2) The idea of jail is also antiquated. Industrialists don’t go to jail. If you land on that square you can get a light slap on the wrist, say, a fine of 10 percent. The percentage will, in keeping with this theme, be inversely proportional to wealth. Your rich? No consequences.

3) Speaking of no consequences, let’s talk about banking. It used to be that the banker was basically a teller, giving people there allotted sums and doing basic math. No more. The banker will now take a percentage on every deal and win the game if he can accumulate more wealth than every other player combined.

4) But the banker won’t be the only one with money. Players should be allowed to invest in each other, serving on each other’s boards and entwining their corporate entities. Excellent players will be able to come from behind by making their ownership stakes in other players so confusing that no one can figure out who owns what.

5) Whoever is winning can determine what they want one of the dice to read before rolling the other.

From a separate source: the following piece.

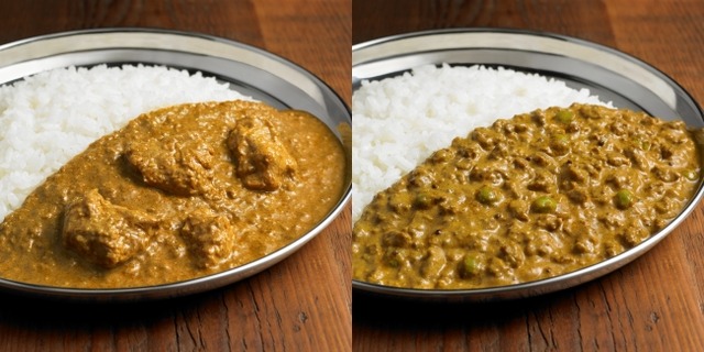 「チキンシャクティ」はローストココナッツとポピーシードのシャキシャキとした食感とこうばしい香りが特長で、ココナッツソースにタマリンドの酸味が加わったマイルドすぎないバランスのとれたソースになっています。「キーママタル」は鶏挽肉にほっくりとしたグリーンピースの組み合わせで、トマトの酸味にココナッツのまろやかさが調和し、鶏挽肉の旨味を引き出しています。

Luck is a thing that poor people wish for and the well-to-do call “planning.”

6) The concept of cheating is outdated. If the bank doesn’t catch you passing bad bills or you manage a bit of misdirection when you’re supposed to be paying a fine, that’s a good thing. If someone calls you on it after your turn is over, that’s too late – statute of limitations and all that.

7) “Community Chest” sounds like a particularly tasteless thing to call a woman and we can’t have that sort of misogyny in a modern game. It will be replaced with the Patent Pile, which will allow players to either “Disrupt” industries and steal properties from other players or charge other players for the continued use of the technologies that allow the industries they’ve cornered to run. Patent trolling will be a legitimate tactic.

8) Rather than railroads, the board will feature private jets. They will be exorbitantly expensive, less than helpful, and extremely cool.

9) Instead of ending when everyone gets fed up, new Monopoly will end when a random person who is unclear on the rules of the game walks into the room. This person will preside over a round of lawsuits (everyone sues everyone), awarding penalties and destroying businesses with impunity. Whoever convinces this person to let them keep the most money wins. This person will be encouraged to be self righteous about the whole thing.